** Stored data follows **

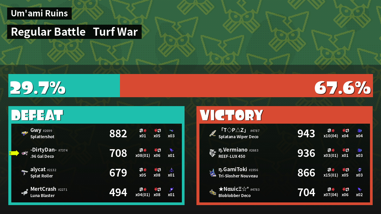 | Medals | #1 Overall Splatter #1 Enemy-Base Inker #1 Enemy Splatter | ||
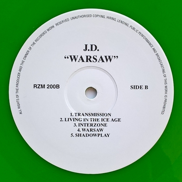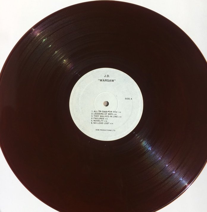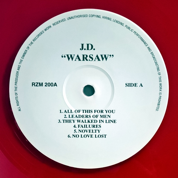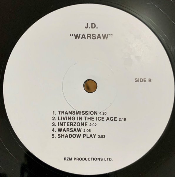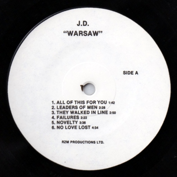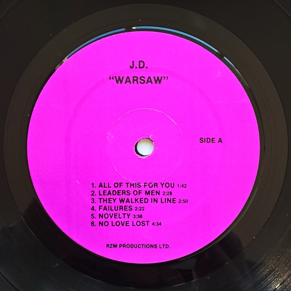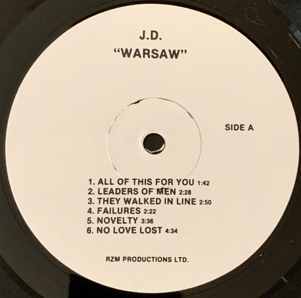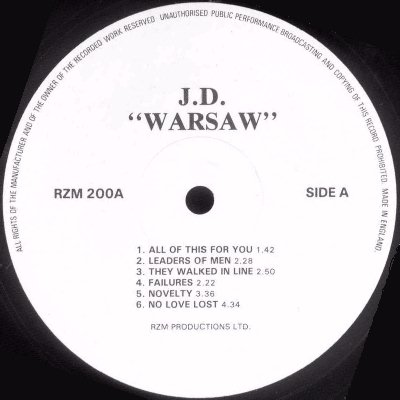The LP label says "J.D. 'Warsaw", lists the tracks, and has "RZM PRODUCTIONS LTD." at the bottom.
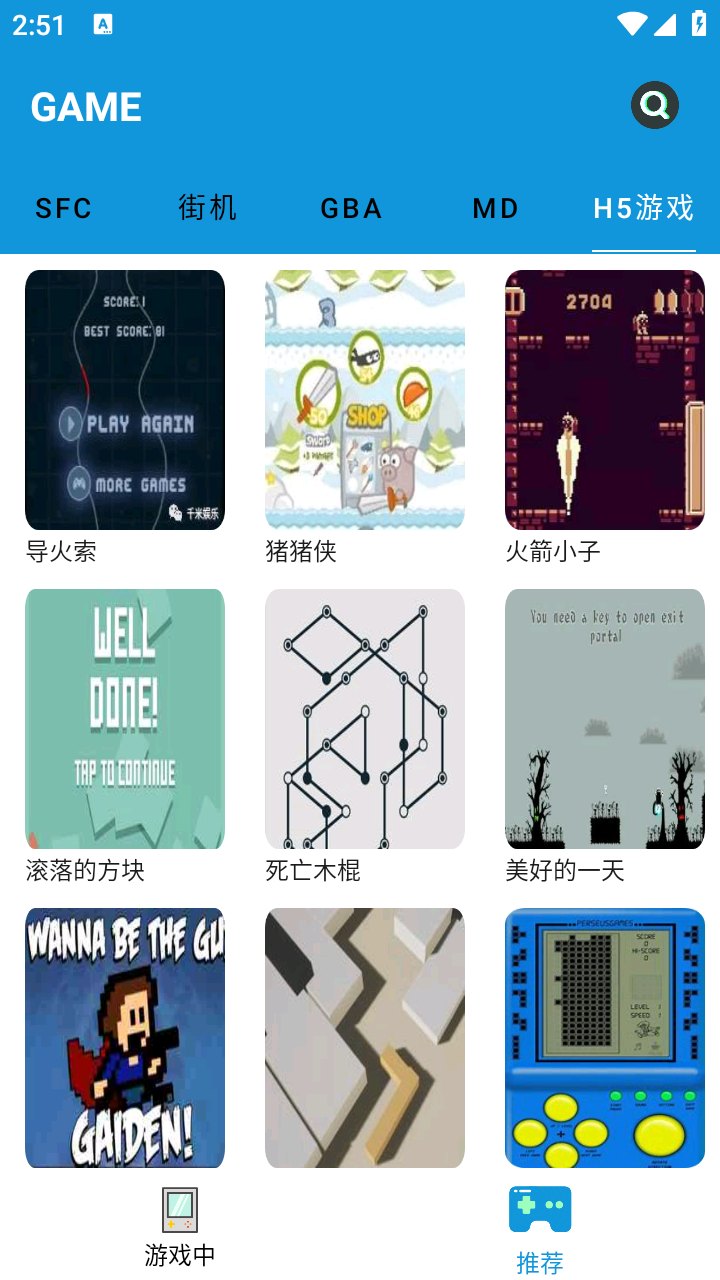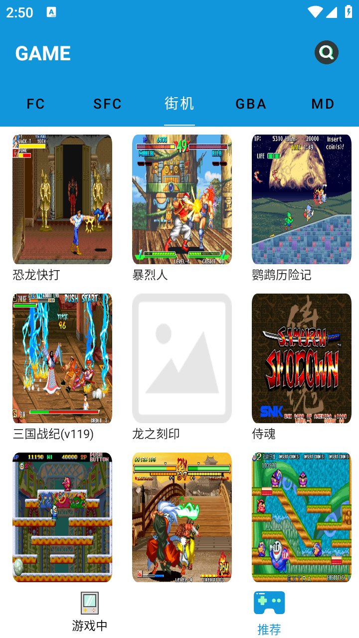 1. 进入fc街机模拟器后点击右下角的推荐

** End of Stored data **

**What needs to be done**
Apart from the pictures, every line of the material above is to be returned word for word.

**Your solution**
 | Medals | #1 Overall Splatter #1 Enemy-Base Inker #1 Enemy Splatter | ||
The LP label says "J.D. 'Warsaw", lists the tracks, and has "RZM PRODUCTIONS LTD." at the bottom.
 1. 进入fc街机模拟器后点击右下角的推荐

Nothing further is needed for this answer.